WHAT IS REQUIRED ▸
As the answer, set down the lines below from the one containing "紧接着就会进入到社保页面,在" through the one containing "1.8mm eat Dissipation", exactly and inclusively, and no others.
(STUDY MATERIAL begins)
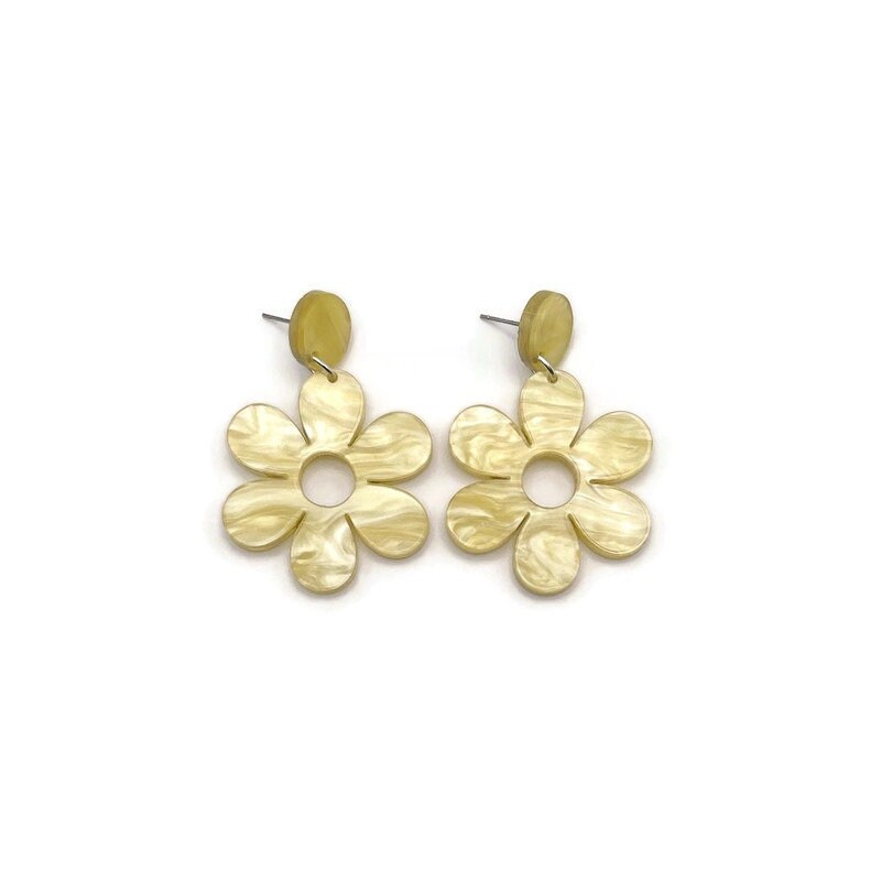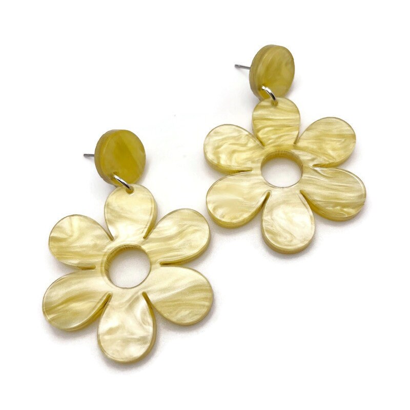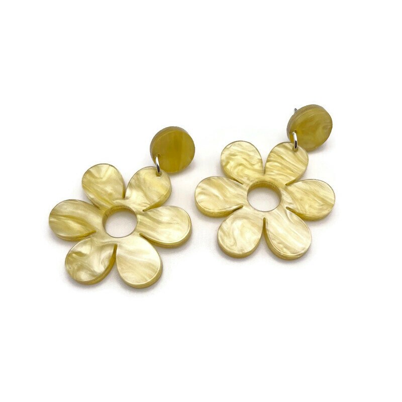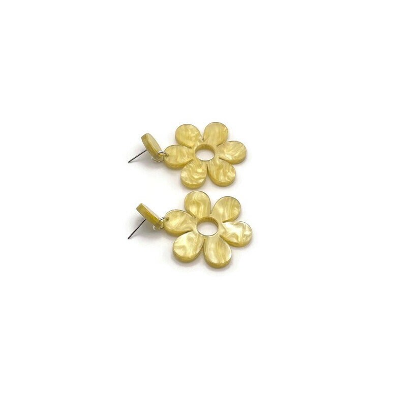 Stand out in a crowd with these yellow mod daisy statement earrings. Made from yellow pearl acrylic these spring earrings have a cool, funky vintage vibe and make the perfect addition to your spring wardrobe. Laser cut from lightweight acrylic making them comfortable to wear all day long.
(STUDY MATERIAL ends)
(STUDY MATERIAL begins)
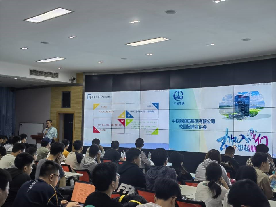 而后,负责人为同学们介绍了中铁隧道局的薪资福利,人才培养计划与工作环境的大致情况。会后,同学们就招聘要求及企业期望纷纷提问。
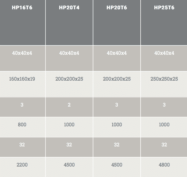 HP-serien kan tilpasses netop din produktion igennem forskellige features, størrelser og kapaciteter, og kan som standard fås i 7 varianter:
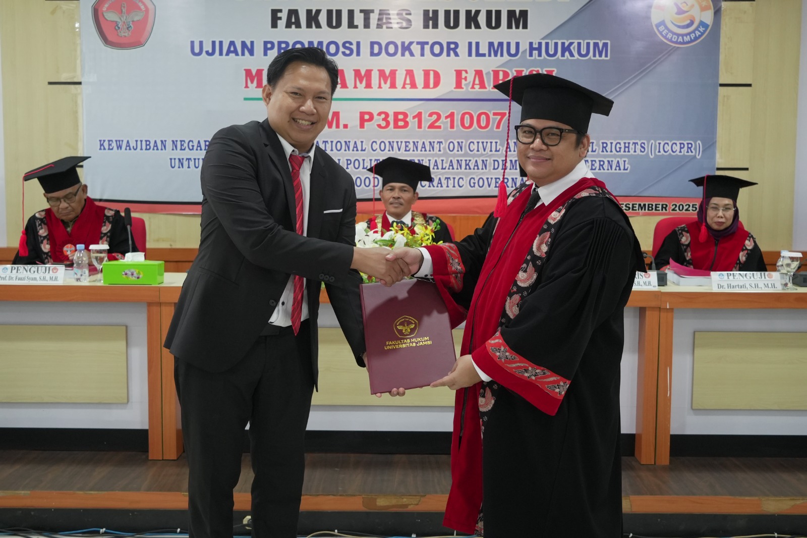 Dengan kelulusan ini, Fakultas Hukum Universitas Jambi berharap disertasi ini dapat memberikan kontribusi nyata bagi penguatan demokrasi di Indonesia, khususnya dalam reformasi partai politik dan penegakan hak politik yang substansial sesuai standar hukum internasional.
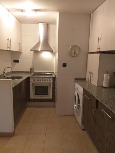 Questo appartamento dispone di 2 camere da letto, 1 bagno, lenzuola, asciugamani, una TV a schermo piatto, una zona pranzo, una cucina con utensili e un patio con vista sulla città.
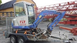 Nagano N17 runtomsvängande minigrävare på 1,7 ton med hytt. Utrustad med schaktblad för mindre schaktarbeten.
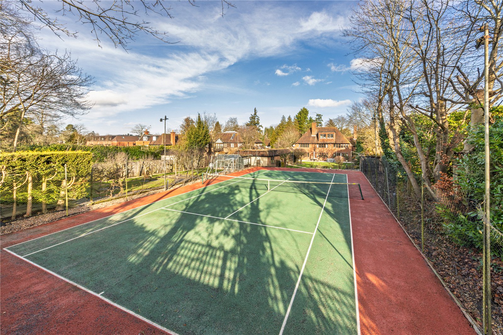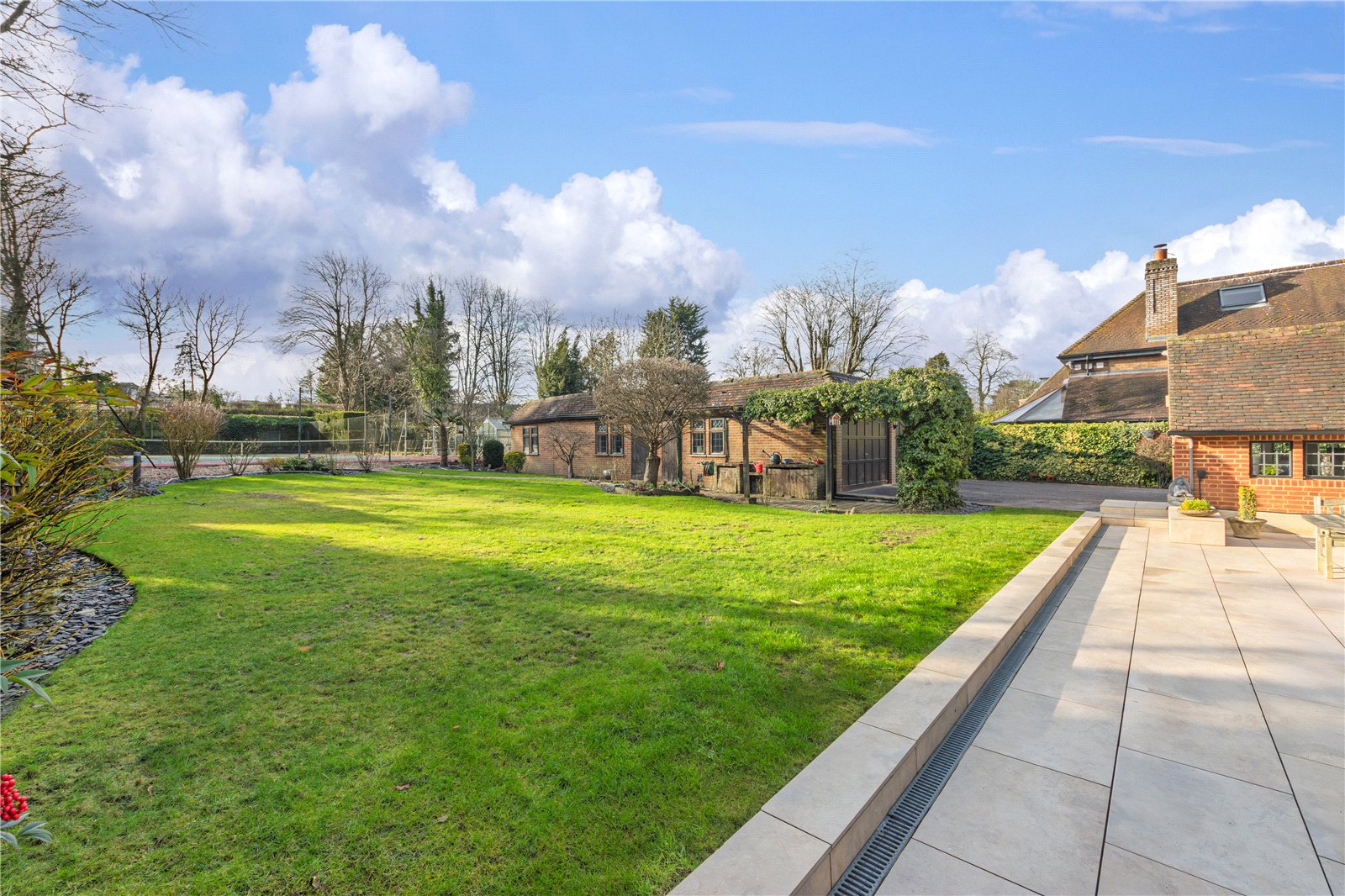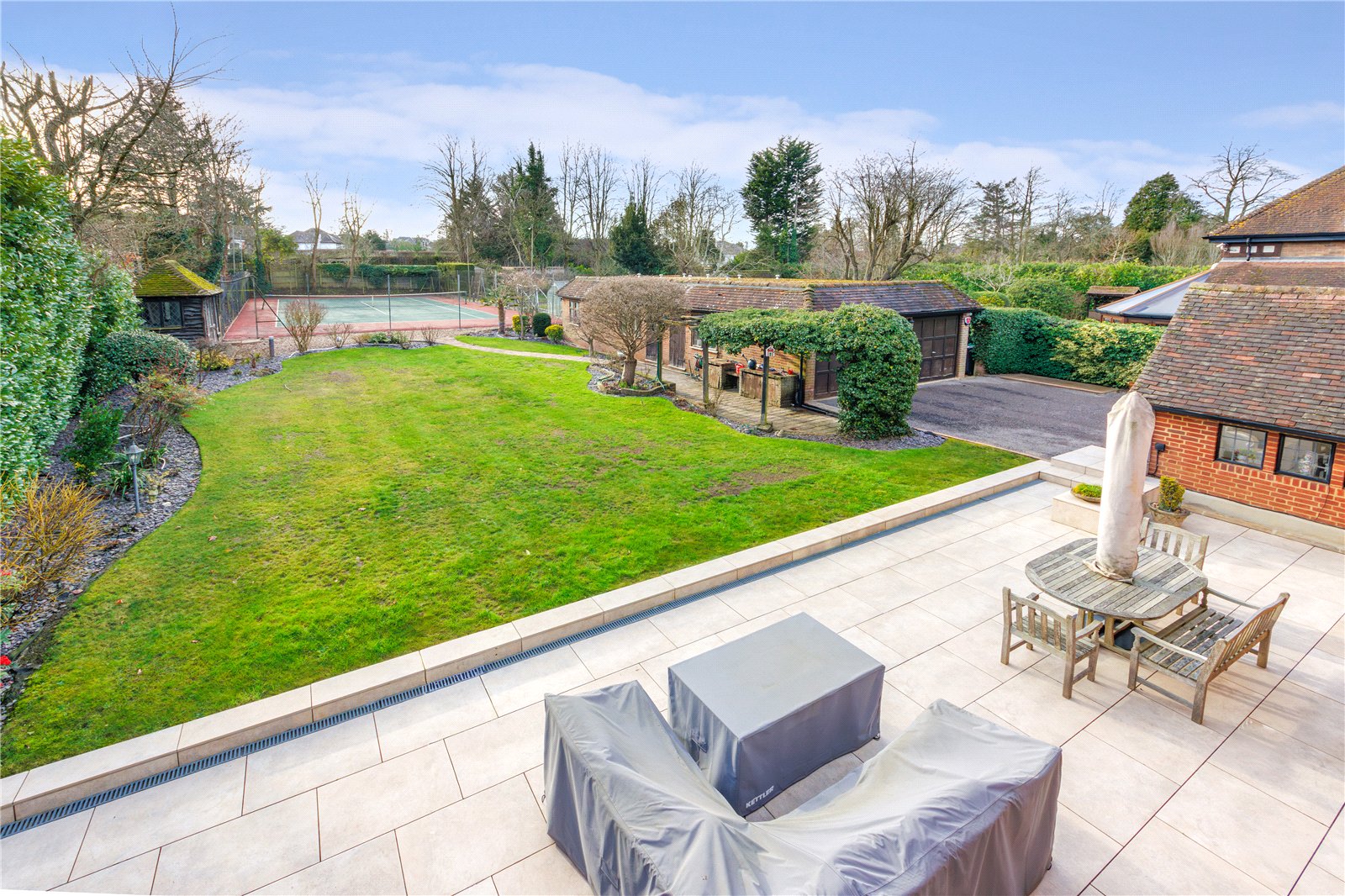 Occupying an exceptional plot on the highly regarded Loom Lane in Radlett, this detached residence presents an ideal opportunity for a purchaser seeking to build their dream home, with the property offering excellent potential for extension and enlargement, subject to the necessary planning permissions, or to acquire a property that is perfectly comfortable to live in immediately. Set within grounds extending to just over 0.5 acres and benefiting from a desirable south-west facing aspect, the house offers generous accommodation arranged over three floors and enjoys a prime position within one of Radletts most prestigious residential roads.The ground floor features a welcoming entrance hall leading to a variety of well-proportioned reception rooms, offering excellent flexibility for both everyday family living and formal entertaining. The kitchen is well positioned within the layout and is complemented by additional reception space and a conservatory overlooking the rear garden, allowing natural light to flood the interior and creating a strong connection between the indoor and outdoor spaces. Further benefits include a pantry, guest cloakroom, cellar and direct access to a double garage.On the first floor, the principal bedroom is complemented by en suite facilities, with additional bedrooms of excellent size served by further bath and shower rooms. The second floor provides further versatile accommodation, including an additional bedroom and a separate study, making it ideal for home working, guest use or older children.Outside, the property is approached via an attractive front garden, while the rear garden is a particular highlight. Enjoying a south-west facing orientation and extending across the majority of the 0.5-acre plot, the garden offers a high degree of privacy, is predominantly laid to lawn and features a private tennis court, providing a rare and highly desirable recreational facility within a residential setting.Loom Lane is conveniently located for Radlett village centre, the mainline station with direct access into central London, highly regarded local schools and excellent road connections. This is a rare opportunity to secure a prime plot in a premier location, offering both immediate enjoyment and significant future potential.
(STUDY MATERIAL ends)
(STUDY MATERIAL begins)
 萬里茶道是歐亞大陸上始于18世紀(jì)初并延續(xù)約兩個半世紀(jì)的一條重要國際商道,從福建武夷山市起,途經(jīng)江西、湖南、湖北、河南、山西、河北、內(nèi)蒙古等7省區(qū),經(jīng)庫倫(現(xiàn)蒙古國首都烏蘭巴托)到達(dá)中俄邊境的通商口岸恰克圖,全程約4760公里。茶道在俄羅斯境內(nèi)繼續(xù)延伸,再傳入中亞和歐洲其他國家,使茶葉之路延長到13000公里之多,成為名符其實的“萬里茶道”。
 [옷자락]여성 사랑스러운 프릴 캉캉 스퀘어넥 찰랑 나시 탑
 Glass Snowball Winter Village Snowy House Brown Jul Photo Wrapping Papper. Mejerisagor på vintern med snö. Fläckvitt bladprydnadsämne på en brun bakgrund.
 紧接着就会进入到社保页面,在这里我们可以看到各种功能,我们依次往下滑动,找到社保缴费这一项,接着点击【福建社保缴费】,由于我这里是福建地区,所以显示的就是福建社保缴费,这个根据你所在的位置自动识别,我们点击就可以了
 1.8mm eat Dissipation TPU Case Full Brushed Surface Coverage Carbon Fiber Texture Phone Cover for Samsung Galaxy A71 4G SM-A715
(STUDY MATERIAL ends)
SOLUTION TO THIS PROBLEM ▸
 紧接着就会进入到社保页面,在这里我们可以看到各种功能,我们依次往下滑动,找到社保缴费这一项,接着点击【福建社保缴费】,由于我这里是福建地区,所以显示的就是福建社保缴费,这个根据你所在的位置自动识别,我们点击就可以了
 1.8mm eat Dissipation TPU Case Full Brushed Surface Coverage Carbon Fiber Texture Phone Cover for Samsung Galaxy A71 4G SM-A715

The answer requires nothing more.